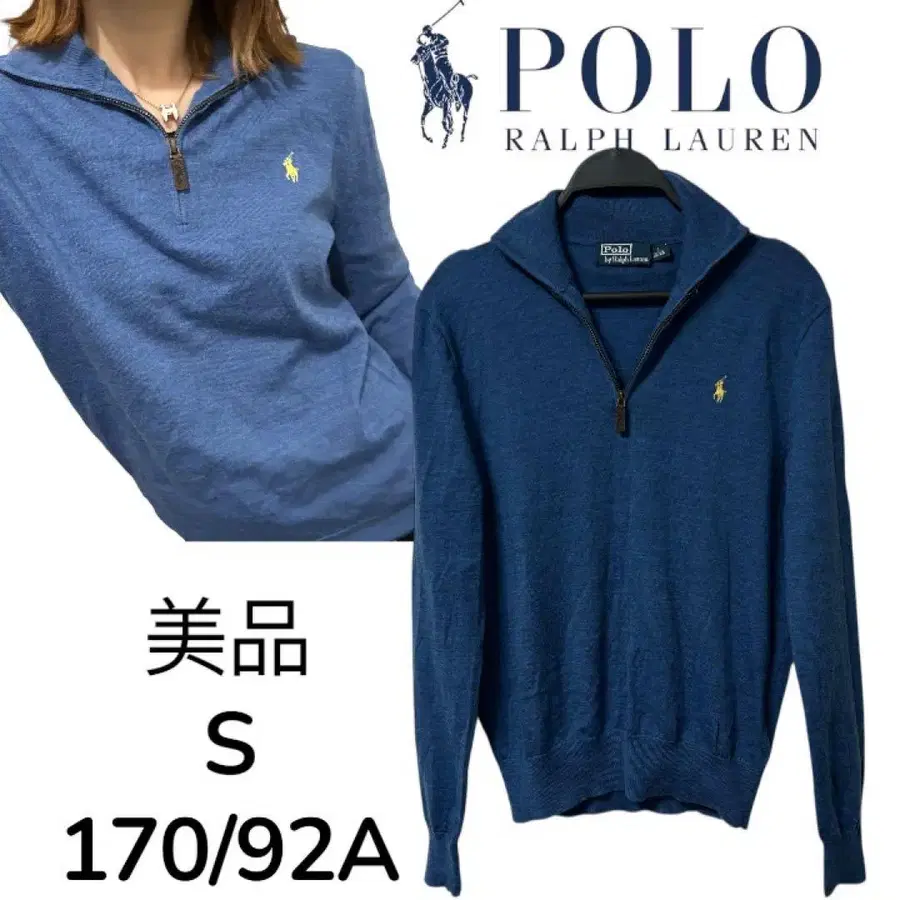 새상품급 폴로 랄프로렌 하프 지퍼 니트 톤 다운 블루 계열 남성용 S
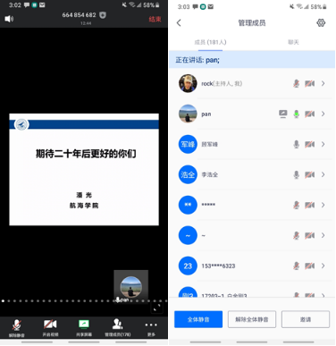 2020届研究生毕业生们在工大的最后一课在线上准时开讲,潘光院长受邀担任主讲教师,主讲题目为《期待20年后更好的你们》,孙华强书记、张龙助理等人参加了课程,课程由王银涛副书记主持。
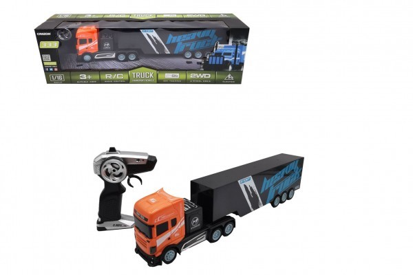 Velký kamion ovládaný dálkovým ovládáním pro malého řidiče. Každý malý chlapec, který má zájem o motorismus, by rád řídil kamion. Kamion s návěsem, který není odnímatelný je vyroben z plastu. Kamion je řízen multifunkční rádiovým dálkovým ovladačem pracujícím na 27 MHz a umožňuje tak plnou kontrolu nad tímto vozidlem. Baterie 6x AA nejsou součástí balení. Rozměry balení 57 x 18 x 14 cm. Vhodné pro děti od 3 let.
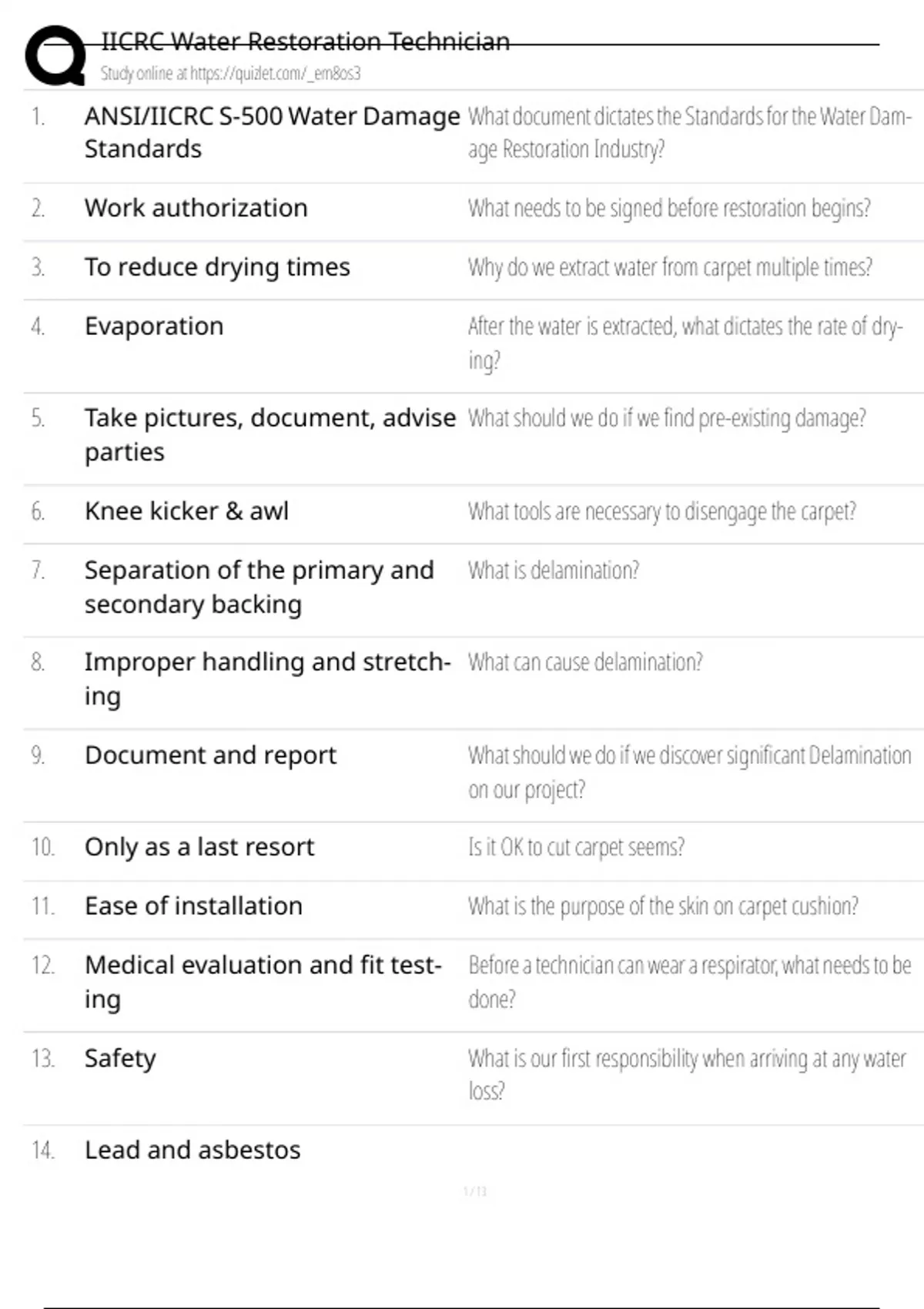 1. ANSI/IICRC S-500 Water Damage What document dictates the Standards for the Water Dam-
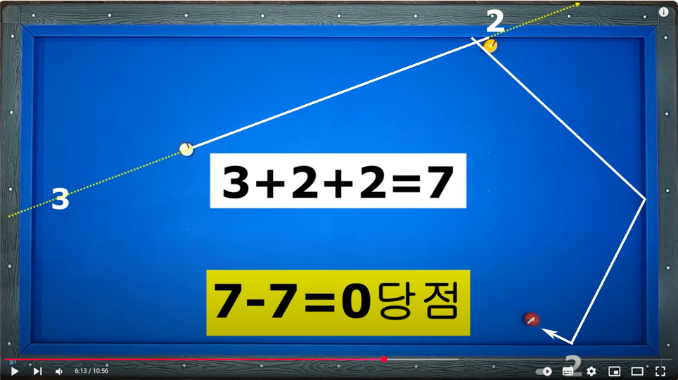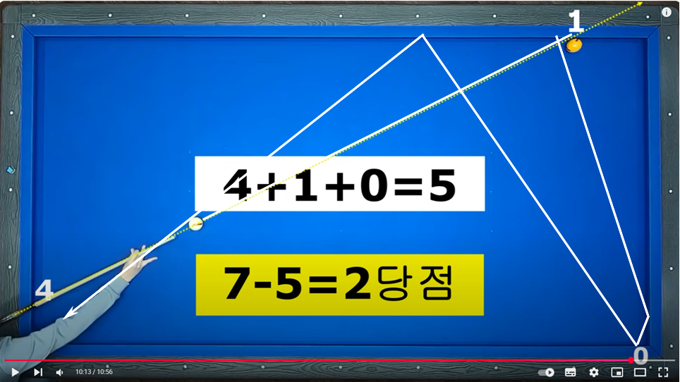 당점 : 7- (큐볼의 기울기 + 1목적구위치값 + 2목적구 위치값)을 의합니다
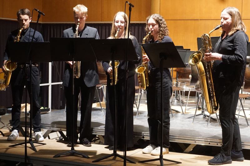 „Rudolph the red nosed reindeer“ von Johnny Marks und das traditionelle „Shenandoah“ wurden vom Saxophon-Ensemble unter der Leitung von Sabine Müller beeindruckend auf die Bühne gebracht, wofür Anne Kaufhold, Charlotte Weber, Emilia Messerschmidt und Victor Gschwind (alle MSS 12) den tosenden Applaus des Publikums ernteten.
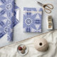Intricate blue and white geometric pattern wrapping paper
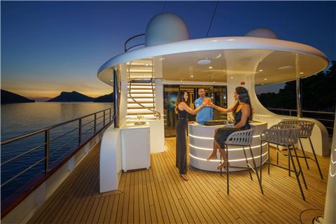 Cabins are equipped with Satellite TV, Safes, individually controlled air-conditioning, Music Systems with bluetooth and USB connectivity, robes and slippers.
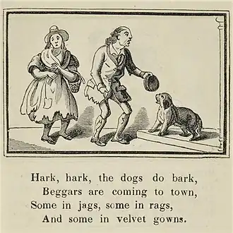 - ^ "Hark, Hark, the Dogs Do Bark". vwml.org. English Folk Dance and Song Society. Retrieved 10 December 2017. The Library places the rhyme at page 60 of the first edition.
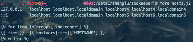 vim hosts.j2127.0.0.1 localhost localhost.localdomain localhost4 localhost4.localdomain4::1 localhost localhost.localdomain localhost6 localhost6.localdomain6{% for item in groups['zookeeper'] %}{{ item }} {{ hostvars[item]['HOSTNAME'] }}{% endfor %}
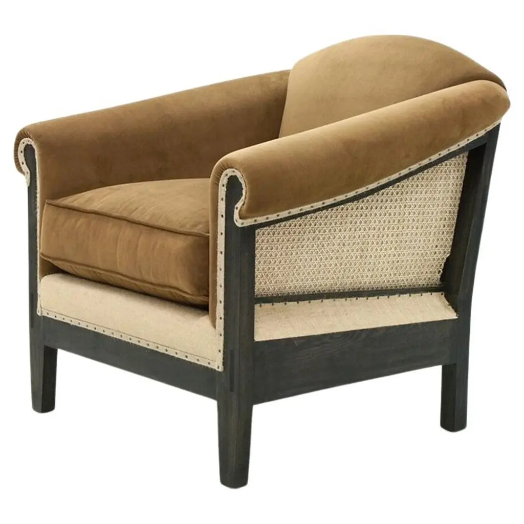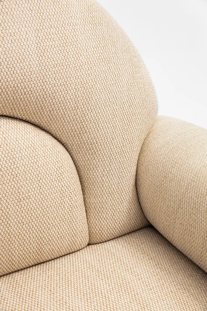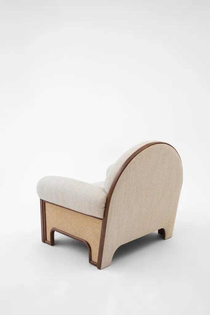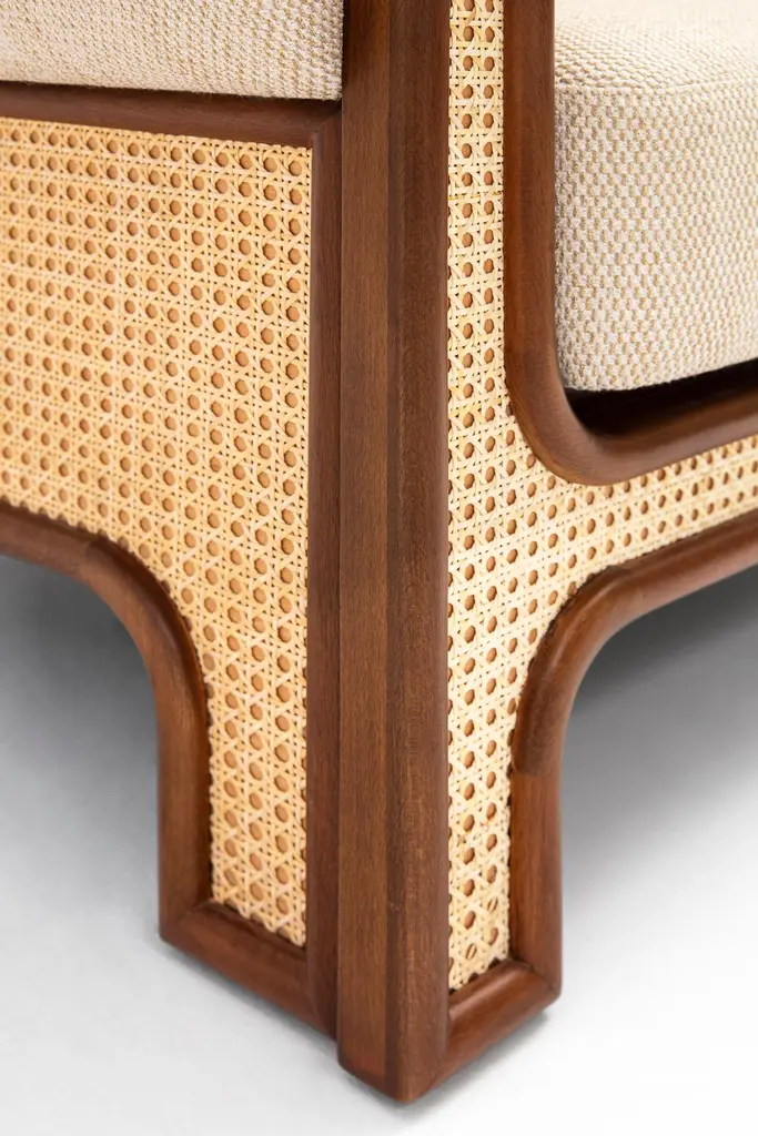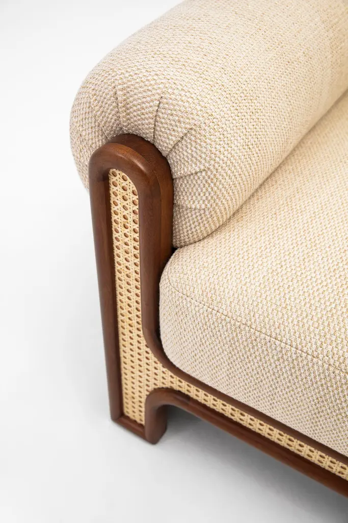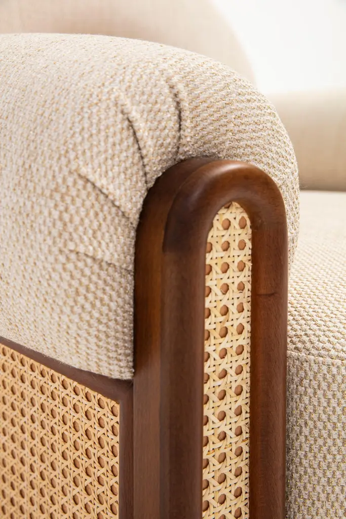 The N-gene armchair is a reinterpretation of an armchair designed by Merve’s uncle, interior designer, Engine, in the 1970s. The N-Gene is re-envisioned with caning, and is upholstered in beige colored fabric. This entirely handcrafted armchair is extremely comfortable and is made of beech wood.
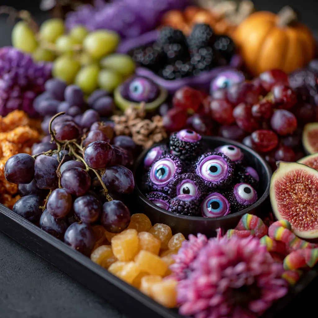 Place grapes, figs, strawberries, and dried fruit in the gaps. Add chocolate pretzels, candy eyeballs, or gummy worms for that magical Halloween touch.
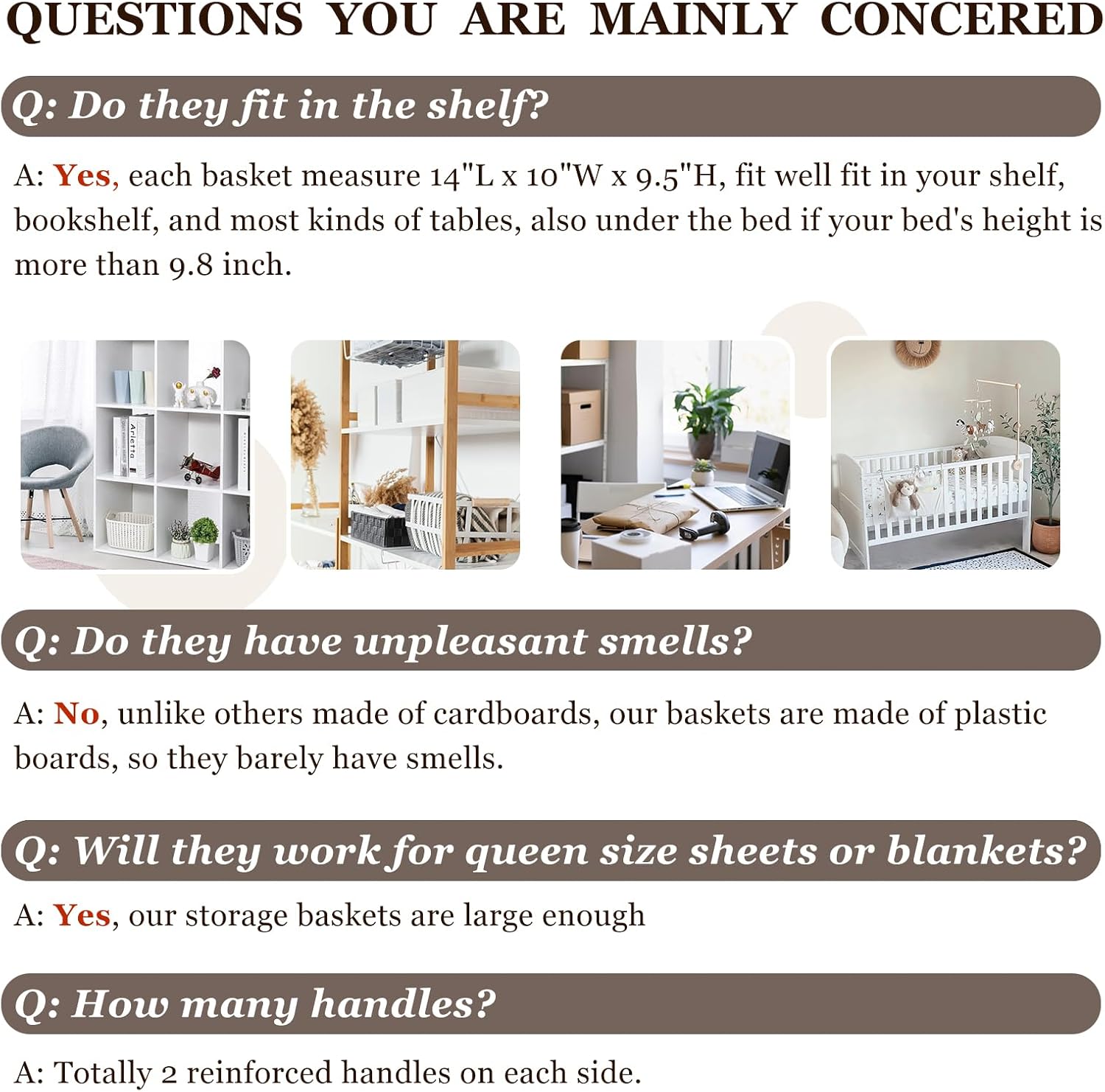 - 【STYLISH & DECORATIVE】 Designed with two tones, adorned with 2 brown handles, Not only serve as fabric storage bins, but a statement piece that reflects your discerning taste and pursuit of quality life. Bring a sense of order and refinement and a touch of warmth to your living room, bedroom, bathroom, office, nursery room, laundry room and more.
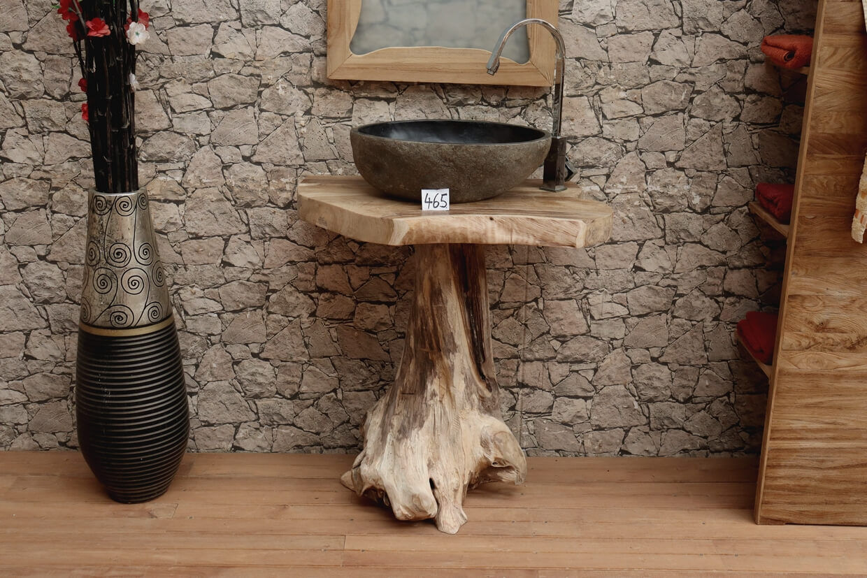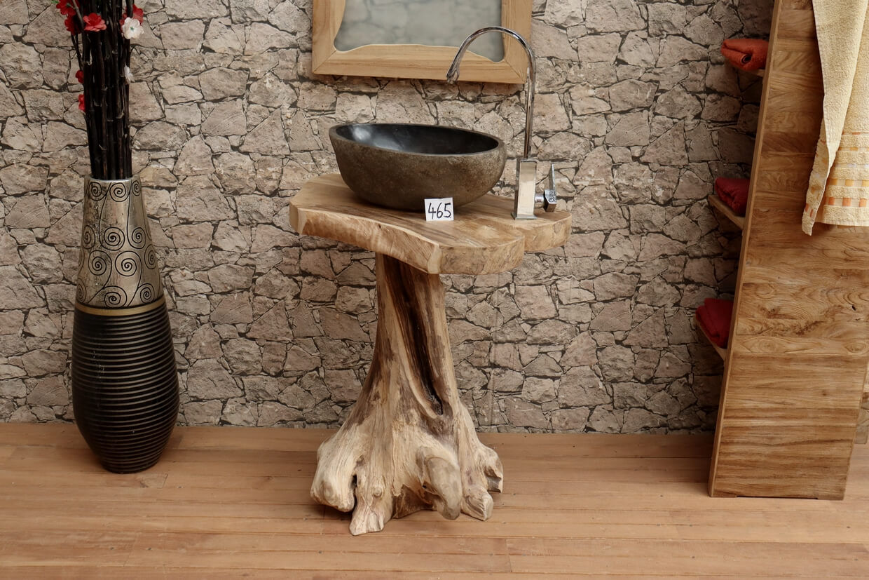 Hochwertiger Wurzelholz-Waschtisch aus Teakholz
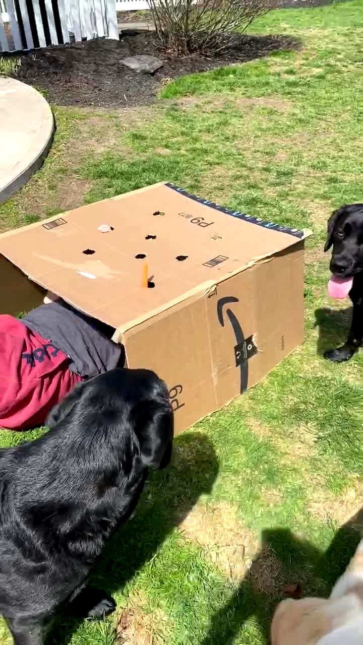 A woman lays under a cardboard box with holes in it and sticks an object through the holes. Her dogs play with it until one jumps on the box.
____________
▶ Task to complete
Each word of the data should be repeated exactly, and the pictures left out.

▶ Output for this exercise
 새상품급 폴로 랄프로렌 하프 지퍼 니트 톤 다운 블루 계열 남성용 S
 2020届研究生毕业生们在工大的最后一课在线上准时开讲,潘光院长受邀担任主讲教师,主讲题目为《期待20年后更好的你们》,孙华强书记、张龙助理等人参加了课程,课程由王银涛副书记主持。
 Velký kamion ovládaný dálkovým ovládáním pro malého řidiče. Každý malý chlapec, který má zájem o motorismus, by rád řídil kamion. Kamion s návěsem, který není odnímatelný je vyroben z plastu. Kamion je řízen multifunkční rádiovým dálkovým ovladačem pracujícím na 27 MHz a umožňuje tak plnou kontrolu nad tímto vozidlem. Baterie 6x AA nejsou součástí balení. Rozměry balení 57 x 18 x 14 cm. Vhodné pro děti od 3 let.
 1. ANSI/IICRC S-500 Water Damage What document dictates the Standards for the Water Dam-
 당점 : 7- (큐볼의 기울기 + 1목적구위치값 + 2목적구 위치값)을 의합니다
 „Rudolph the red nosed reindeer“ von Johnny Marks und das traditionelle „Shenandoah“ wurden vom Saxophon-Ensemble unter der Leitung von Sabine Müller beeindruckend auf die Bühne gebracht, wofür Anne Kaufhold, Charlotte Weber, Emilia Messerschmidt und Victor Gschwind (alle MSS 12) den tosenden Applaus des Publikums ernteten.
Intricate blue and white geometric pattern wrapping paper
 Cabins are equipped with Satellite TV, Safes, individually controlled air-conditioning, Music Systems with bluetooth and USB connectivity, robes and slippers.
 - ^ "Hark, Hark, the Dogs Do Bark". vwml.org. English Folk Dance and Song Society. Retrieved 10 December 2017. The Library places the rhyme at page 60 of the first edition.
 vim hosts.j2127.0.0.1 localhost localhost.localdomain localhost4 localhost4.localdomain4::1 localhost localhost.localdomain localhost6 localhost6.localdomain6{% for item in groups['zookeeper'] %}{{ item }} {{ hostvars[item]['HOSTNAME'] }}{% endfor %}
 The N-gene armchair is a reinterpretation of an armchair designed by Merve’s uncle, interior designer, Engine, in the 1970s. The N-Gene is re-envisioned with caning, and is upholstered in beige colored fabric. This entirely handcrafted armchair is extremely comfortable and is made of beech wood.
 Place grapes, figs, strawberries, and dried fruit in the gaps. Add chocolate pretzels, candy eyeballs, or gummy worms for that magical Halloween touch.
 - 【STYLISH & DECORATIVE】 Designed with two tones, adorned with 2 brown handles, Not only serve as fabric storage bins, but a statement piece that reflects your discerning taste and pursuit of quality life. Bring a sense of order and refinement and a touch of warmth to your living room, bedroom, bathroom, office, nursery room, laundry room and more.
 Hochwertiger Wurzelholz-Waschtisch aus Teakholz
 A woman lays under a cardboard box with holes in it and sticks an object through the holes. Her dogs play with it until one jumps on the box.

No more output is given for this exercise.